En las piras que la Inquisición española encendió para defender la religión
cristiana, no sólo fueron abrasados los cuerpos de los herejes sino que,
asimismo, se sacrificó una de las enseñanzas más importantes de Cristo: no
juzgues para no ser juzgado. En las tremendas guerras religiosas del siglo XVII,
en que la Iglesia perseguida estaba de acuerdo con la perseguidora
exclusivamente en el propósito de terminar con la otra, Pedro Bayle, uno de los
más grandes emancipadores del espíritu humano, a quienes creían poder
guardar el orden político o religioso existente merced a la intransigencia con los
demás, les objetaba lo siguiente: "El desorden no surge de la tolerancia sino de
la intransigencia". Una de las páginas más gloriosas de la historia de Austria la
constituye el decreto de tolerancia de José II. En el supuesto que la democracia
constituya una forma de gobierno justa, lo es en cuanto significa libertad y
libertad quiere decir tolerancia.
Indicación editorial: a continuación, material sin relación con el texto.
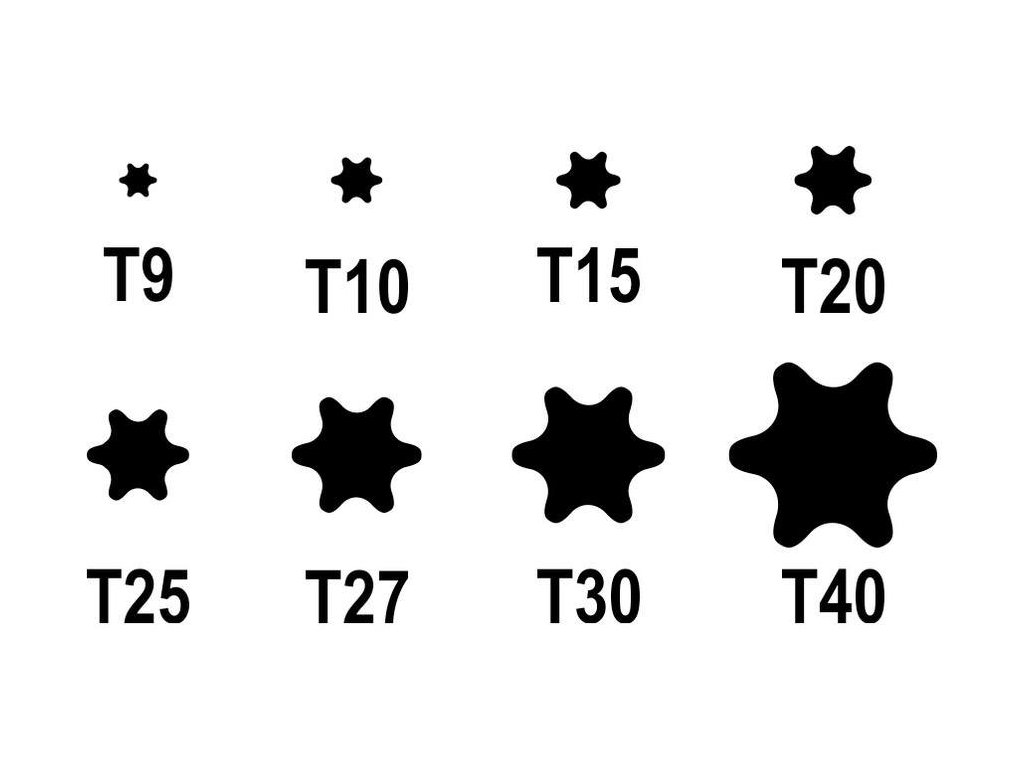 T9; T10; T15; T20; T25; T27; T30; T40.
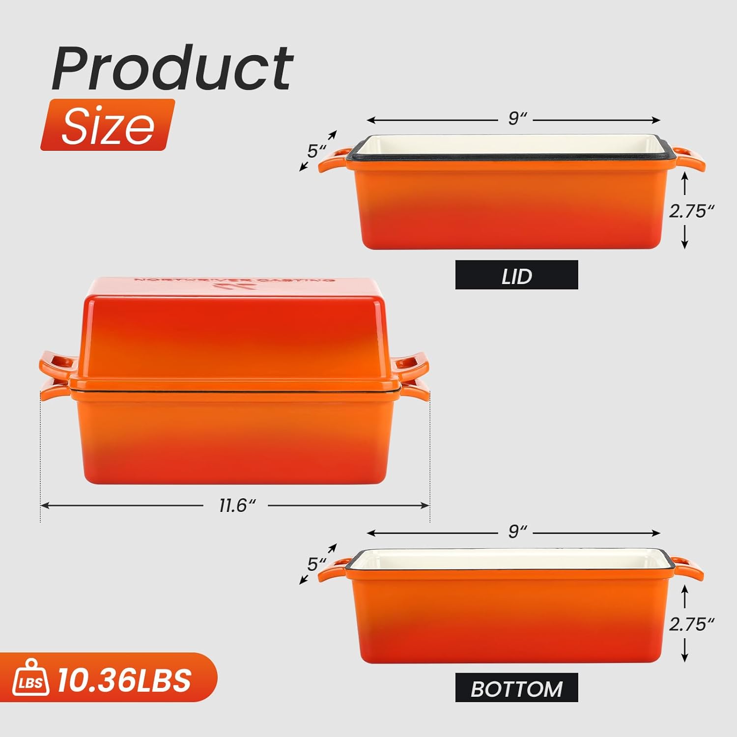 - 【DURABLE IN USE】: Northriver Casting bread loaf pans set is fully made of high grade cast iron, Oven Safe up to 500°F, no need to worry about deformation or harmful coating peeling off. Our cast iron cookware set is suitable for all kitchen cooktops, oven, electric stove, blackstone and induction cooktops.

Sin embargo, surge una pregunta: ¿puede
permanecer tolerante la democracia cuando tiene que defenderse de ataques
antidemocráticos? Sí, en tanto y cuanto no reprima la exteriorización pacífica de
las concepciones antidemocráticas. Exactamente esa tolerancia es lo que
diferencia la democracia de la autocracia. En tanto esta diferenciación se
mantenga, tendremos razón para rechazar la autocracia y estar orgullosos de
nuestra forma democrática de gobierno. La democracia no debe salvaguardarse
renunciando a sí misma. Sin embargo, un gobierno democrático tendrá también
el derecho de reprimir por la fuerza y evitar con los instrumentos adecuados
todo intento que pretenda derrocarlo violentamente.
El ejercicio de tal derecho no se contrapone al principio democrático ni al de
tolerancia. En ocasiones puede resultar difícil discurrir una línea divisoria entre
la divulgación de ciertas ideas y la preparación de un golpe revolucionario. De
todos modos, el mantenimiento de la democracia depende de la posibilidad de
hallar dicha línea divisoria. Asimismo, tal vez ocurra que ese deslindar conlleve
cierto riesgo, mas es honra y esencia de la democracia correr ese riesgo. Una
democracia que no sea capaz de afrontarlo, no es merecedora de que se la
defienda.
3
Dado que la democracia es por naturaleza profunda libertad y libertad significa
tolerancia, no existe forma alguna de gobierno más favorecedora de la ciencia
que la democracia, la ciencia sólo puede desarrollarse cuando es libre. Ser libre
quiere decir no sólo no estar sometida a influencias externas, esto es, políticas,
sino ser libre interiormente: que impere una total libertad en su juego de
argumentos y objeciones. No existe doctrina que pueda ser eliminada en
nombre de la ciencia, pues el alma de la ciencia es la tolerancia.
Comencé este estudio con el interrogante: "¿qué es la justicia?"
Ahora, al llegar a su fin, me doy perfectamente cuenta que no lo he
respondido. Mi disculpa es que en este caso me hallo en buena compañía. Sería
más que presunción de mi parte hacerles creer a mis lectores que puedo
alcanzar aquello que no lograron los pensadores más grandes. En rigor, yo no
sé ni puedo decir qué es la justicia, la justicia absoluta, ese hermoso sueño de
la humanidad. Debo conformarme con la justicia relativa: tan sólo puedo decir
qué es para mí la justicia. Puesto que la ciencia es mi profesión y, por lo tanto,
lo más importante de mi vida, la justicia es para mí aquello bajo cuya
protección puede florecer la ciencia y, junto con la ciencia, la verdad y la
sinceridad. Es la justicia de la libertad, la justicia de la paz, la justicia de la
democracia, la justicia de la tolerancia.